You are viewing a plain text version of this content. The canonical link for it is here.

Posted to dev@nutch.apache.org by "Chris Schneider (JIRA)" <ji...@apache.org> on 2006/10/11 20:40:34 UTC

[jira] Created: (NUTCH-385) Server delay feature conflicts with maxThreadsPerHost

Server delay feature conflicts with maxThreadsPerHost
-----------------------------------------------------

Key: NUTCH-385
URL: http://issues.apache.org/jira/browse/NUTCH-385
Project: Nutch
Issue Type: Bug
Components: fetcher
Reporter: Chris Schneider

For some time I've been puzzled by the interaction between two paramters that control how often the fetcher can access a particular host:

1) The server delay, which comes back from the remote server during our processing of the robots.txt file, and which can be limited by fetcher.max.crawl.delay.

2) The fetcher.threads.per.host value, particularly when this is greater than the default of 1.
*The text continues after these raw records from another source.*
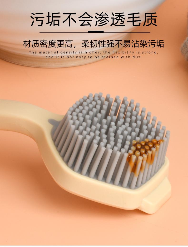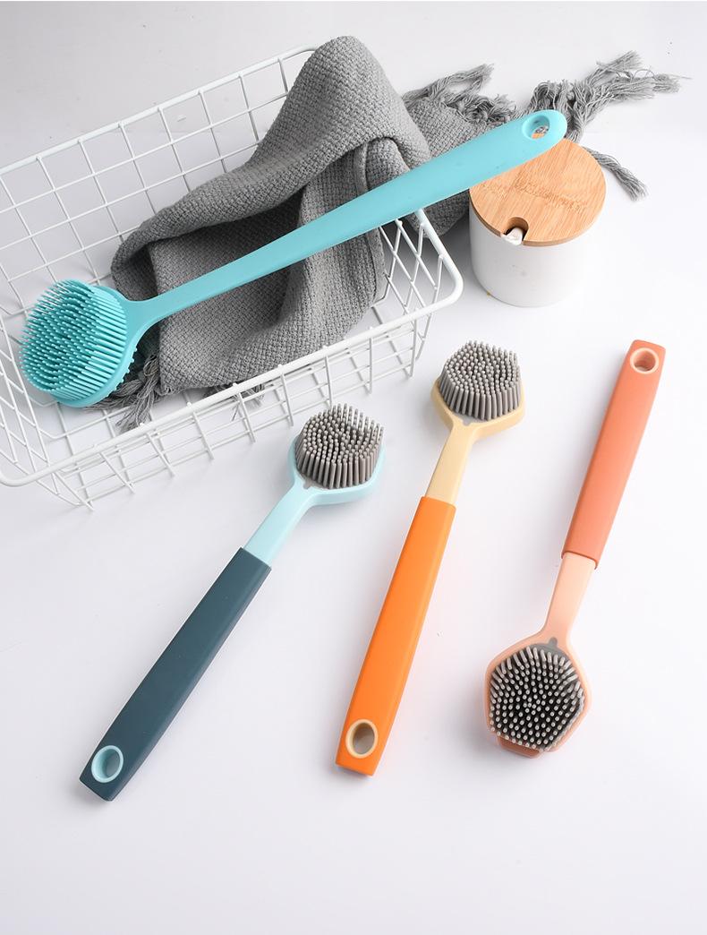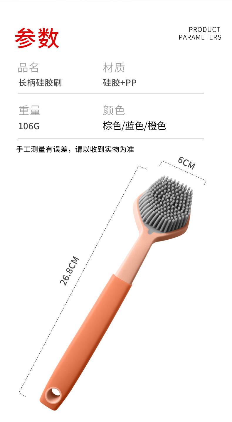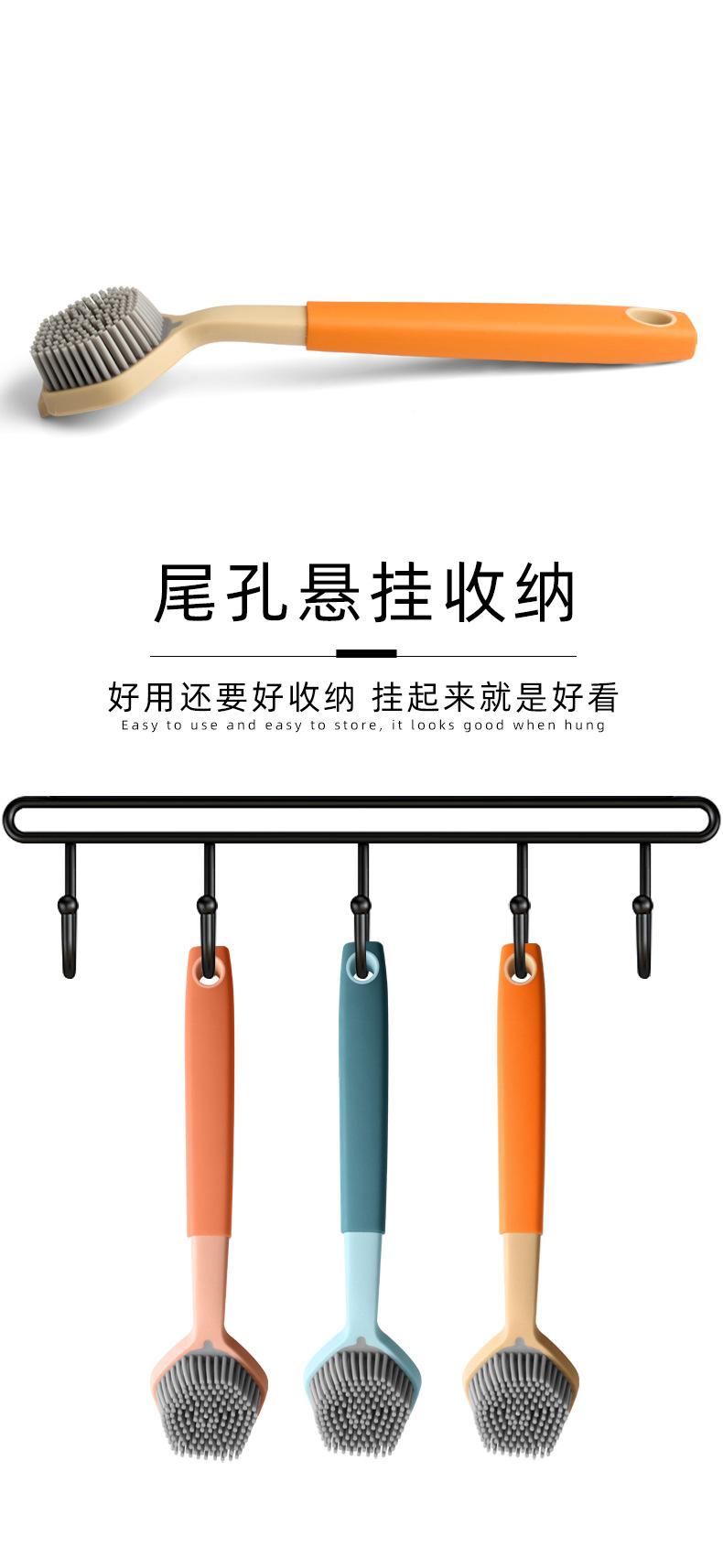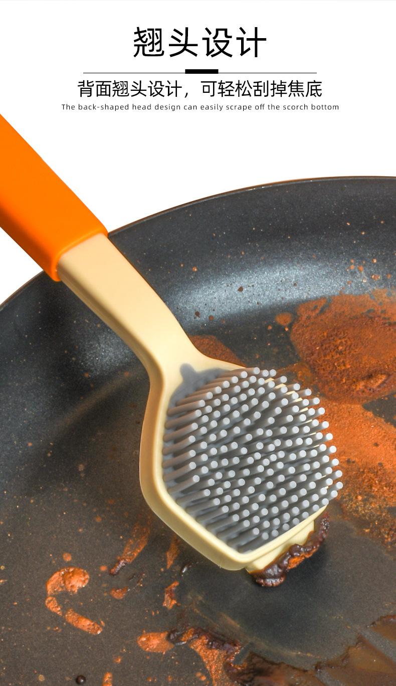 Cepillo de limpieza descontaminante para ollas de plástico con cerdas de silicona y mango largo, suave y antirayaduras.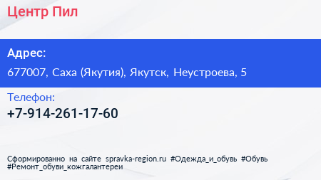 Центр-Пил по адресу 677007, Саха (Якутия), Якутск, Неустроева, 5 в дальнейшем Организация, размещена в следующих категориях: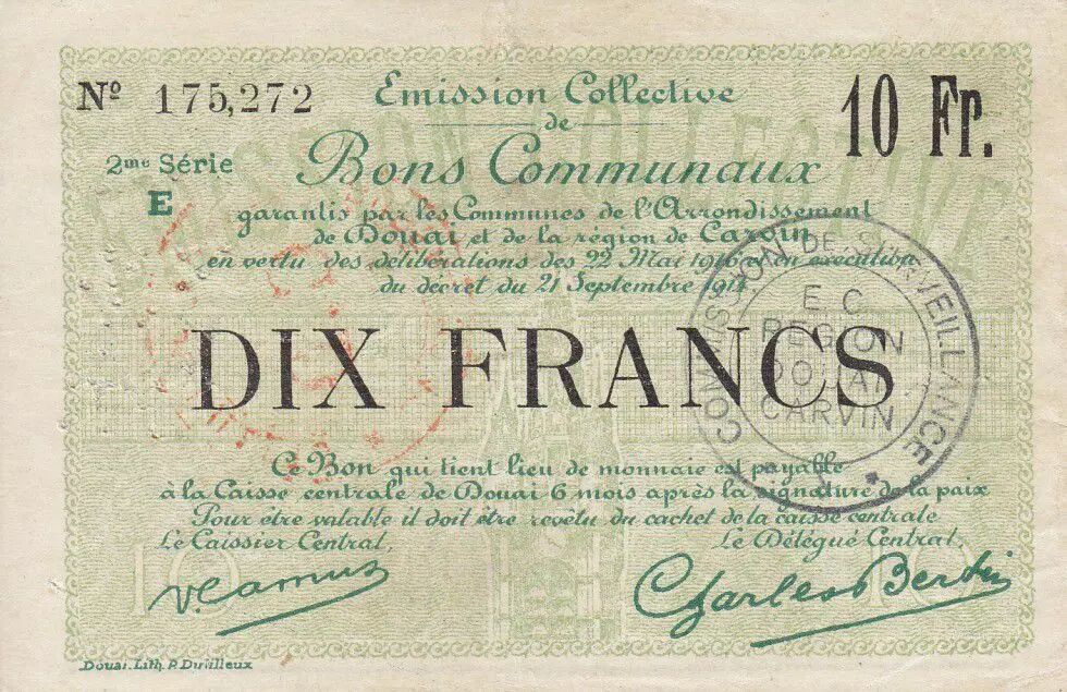 Banknote France 10 Francs Douai City - 1916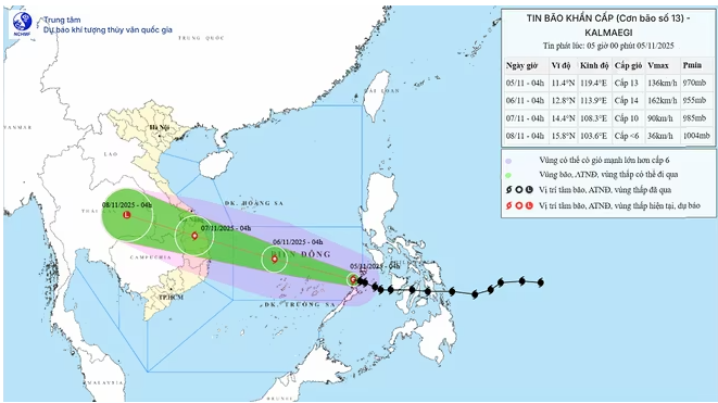 Bão số 13- bão Kalmaegi được dự báo đổ bộ đất liền vào đêm mai 6-11 |

According to my (limited) understanding of the code in HttpBase.java:

Suppose that fetcher.threads.per.host is 2, and that (by chance) the fetcher ends up keeping either 1 or 2 fetcher threads pointing at a particular host continuously. In other words, it never tries to point 3 at the host, and it always points a second thread at the host before the first thread finishes accessing it. Since HttpBase.unblockAddr never gets called with (((Integer)THREADS_PER_HOST_COUNT.get(host)).intValue() == 1), it never puts System.currentTimeMillis() + crawlDelay into BLOCKED_ADDR_TO_TIME for the host. Thus, the server delay will never be used at all. The fetcher will be continuously retrieving pages from the host, often with 2 fetchers accessing the host simultaneously.

Suppose instead that the fetcher finally does allow the last thread to complete before it gets around to pointing another thread at the target host. When the last fetcher thread calls HttpBase.unblockAddr, it will now put System.currentTimeMillis() + crawlDelay into BLOCKED_ADDR_TO_TIME for the host. This, in turn, will prevent any threads from accessing this host until the delay is complete, even though zero threads are currently accessing the host.
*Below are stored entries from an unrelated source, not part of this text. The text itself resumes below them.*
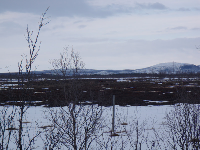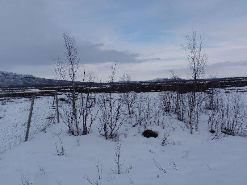 Vi började dagens etapp med att gå resterande delen av Torneträsk. Det var torrt och fint på isen till att börja med, men utefter dagen blev det allt mer blött på isen. Men inte så att det ställde till något besvär för oss. Sen fortsatte vi över myren Gurasáhpi över till sjön Coagesjávri där vi slagit läger. När vi kom till Torneträsks östra ände, eller Láimoluoktas, egentligen som den nordöstra delen av Torneträsk heter, så var vi ett tag lite osäkra på om vi skulle kunna ta oss vidare. För där fanns ingen snö. Vi följde därför vägen som var trampad av skoter ner mot Kattuvuoma. Men efter lite drygt en kilometer gick ett gammalt skoterspår över myren, vilket det fortfarande fanns lite snö på, så vi kunde ta oss fram på det. Efter ca 1,5 km kom snön tillbaka. Men som det varit plusgrader var den snön väldigt rutten och svårframkomlig. Vega har visat prov på hur stark hon blivit, trots att nästan hela hon sjönk ner i snön vissa sträckor kämpade hon och tog sig fram helt själv!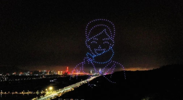 4月18日晚,无人机编队飞行了约10分钟,展示了"逆行者""摘口罩""护士捧心"等9个精心设计的画面,并有微博、看点进行现场直播。
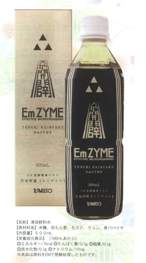 【名称】清涼飲料水 【原材料名】米糠、田七人参、モズク、ウコン、青パパイヤ【内容量】500ml 【栄養成分表示】(100mlあたり) ◎エネルギー/1kcal ◎たんぱく質/0.1g◎脂質/0.1g◎炭水化物/0.1g ◎ナトリウム/17mg ※本品は原料をEMで発酵処理したものです。 【製造】有限会社サン興産業天地開闢EmZYME(エムザイム) 全ての人が身体の芯から健康で、 毎日を健やかに笑顔で過ごしてほしい。 この想いから天地開闢エムザイムが誕生しました。 EMという微生物の助けを借り、原材料は厳選された「田七人参」をはじめ、「モズク」、「春ウコン」、「米糠」、「青パパイヤ」を使用し、じっくりと発酵・ 熟成して抽出しました。 【名称】清涼飲料水【原材料名】米糠、田七人参、モズク、ウコン、青パパイヤ【内容量】500ml【栄養成分表示】(100mlあたり) ◎エネルギー/1kcal ◎たんぱく質/0.1g ◎脂質/0.1g ◎炭水化物/0.1g◎ナトリウム/17mg※本品は原料をEMで発酵処理したものです。 田七人参 田七人参には血圧に影響するサポニンが含まれています。 クルクミン クルクミンはウコンに含まれるポリフェノールです。強い抗酸化力があります。 フコイダン 1996年に開催された第55回日本癌学会で研究成果が発表されています。 パパイヤ酵素 私達が果物として食べている熟した黄色いパパイヤには、パパイヤ酵素が含まれていないそうです。 青パパイヤには、脂肪分解機能のリパーゼたんぱく質分解機能があるプロテアーゼ、糖分分解機能のアミラーゼなど、多くの酵素が含まれています。 米ぬか 米ぬかには(イノシトール)ビタミンBの一種(フィチサン)が含まれています。 米ぬかに含まれる豊富な栄養成分の中で、特に注目を集めているのが「イノシトール」とフィチン酸」と呼ばれる化合物です。 その他、米ぬかには強力な抗酸化作用を持つといわれる「フェルラ酸」も含まれています。 【ご飲用の目安】 1日あたり10〜30mlを目安にお飲みください。そのままか、お水やお茶などに混ぜてお飲みいただいてもかまいません。また、炊飯やみそ汁などお料理にも御利用いただけます。 【保存方法】〈未開封〉直射日光や高温多湿を避けて保存して下さい。〈開封後〉必ず冷蔵庫にて保管して下さい。また、保存料は使用しておりませんので、 開封後1ヶ月以内を目安にお召し上がりください。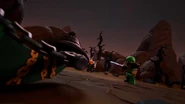 When they are approached by Daddy No Legs and Muzzle, the ninja tricked them and were able to tie them up. They stole their vehicles and continued driving toward the armor.

I see this behavior as inconsistent. More importantly, the current implementation certainly doesn't seem to answer my original question about appropriate definitions for what appear to be conflicting parameters.

In a nutshell, how could we possibly honor the server delay if we allow more than one fetcher thread to simultaneously access the host?

It would be one thing if whenever (fetcher.threads.per.host > 1), this trumped the server delay, causing the latter to be ignored completely. That is certainly not the case in the current implementation, as it will wait for server delay whenever the number of threads accessing a given host drops to zero.

--
This message is automatically generated by JIRA.
-
If you think it was sent incorrectly contact one of the administrators: http://issues.apache.org/jira/secure/Administrators.jspa
-
For more information on JIRA, see: http://www.atlassian.com/software/jira

[jira] Commented: (NUTCH-385) Server delay feature conflicts with maxThreadsPerHost

Posted by "Doug Cutting (JIRA)" <ji...@apache.org>.

    [ http://issues.apache.org/jira/browse/NUTCH-385?page=comments#action_12441552 ] 
            
Doug Cutting commented on NUTCH-385:
------------------------------------

> It would be one thing if whenever (fetcher.threads.per.host > 1), this trumped the server delay [...]

Are any other alternatives useful?  I've always assumed that fetcher.threads.per.host was only useful when server.delay is zero, to speed things when crawling servers that you control.  The concerns are:

1. Being polite.  The standard interpretation of "crawl-delay" is the pause between successive, single-threaded access.  So I don't think we could ever call ourselves polite when threads.per.host > 1.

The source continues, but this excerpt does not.